The financial statements of enVVeno Medical Corporation as of December 31, 2023 and 2022 and for each of the years ended December 31, 2023 and 2022 have been audited by Marcum LLP, an independent registered public accounting firm, as stated in their consent appearing herein. Such financial statements are incorporated by reference into this prospectus and registration statement in reliance upon the report of Marcum LLP, appearing in our Annual Report on Form 10-K as filed with the SEC on February 29, 2024, and upon the authority of such firm as experts in accounting and auditing.

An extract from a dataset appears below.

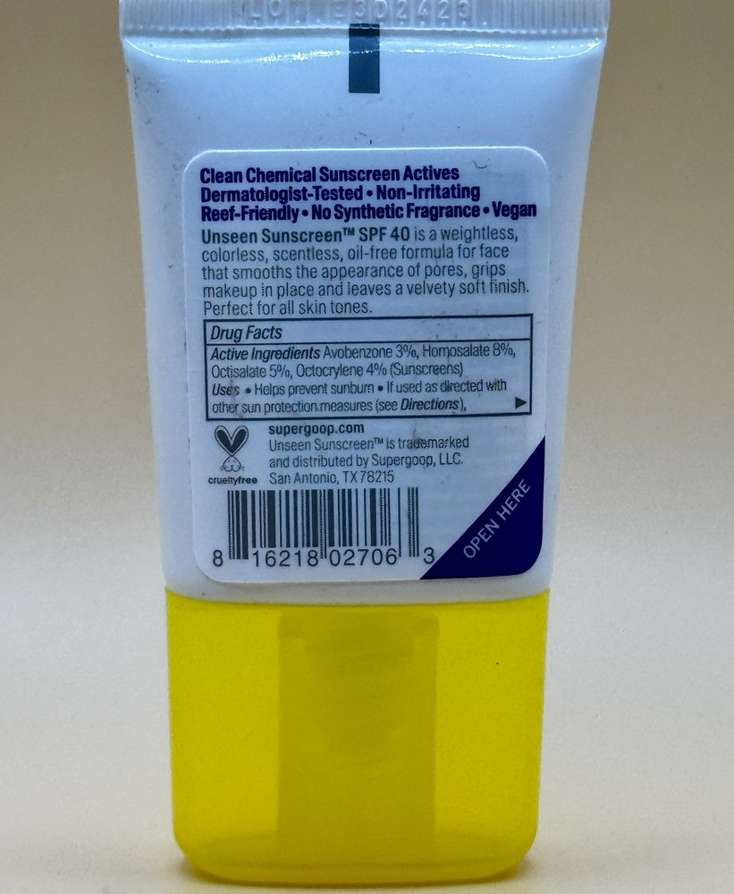 SUPERGOOP! Unseen Sunscreen SPF40 0.5 oz Mini Travel Size, Exp 04/25 New/Sealed.

DISCLOSURE OF COMMISSION POSITION ON
INDEMNIFICATION FOR SECURITIES LAWS VIOLATIONS
Section 145 of the DGCL inter alia, empowers a Delaware corporation to indemnify any person who was or is a party or is threatened to be made a party to any threatened, pending or completed action, suit or proceeding (other than an action by or in the right of the corporation) by reason of the fact that such person is or was a director, officer, employee or agent of the corporation, or is or was serving at the request of the corporation as a director, officer, employee or agent of another corporation or other enterprise, against expenses (including attorneys’ fees), judgments, fines and amounts paid in settlement actually and reasonably incurred by him in connection with such action, suit or proceeding if he acted in good faith and in a manner he reasonably believed to be in or not opposed to the best interests of the corporation, and, with respect to any criminal action or proceeding, had no reasonable cause to believe his conduct was unlawful. Similar indemnity is authorized for such persons against expenses (including attorneys’ fees) actually and reasonably incurred in connection with the defense or settlement of any such threatened, pending or completed action or suit if such person acted in good faith and in a manner he reasonably believed to be in or not opposed to the best interests of the corporation, and provided further that (unless a court of competent jurisdiction otherwise provides) such person shall not have been adjudged liable to the corporation. Any such indemnification may be made only as authorized in each specific case upon a determination by the stockholders or disinterested directors or by independent legal counsel in a written opinion that indemnification is proper because the indemnitee has met the applicable standard of conduct.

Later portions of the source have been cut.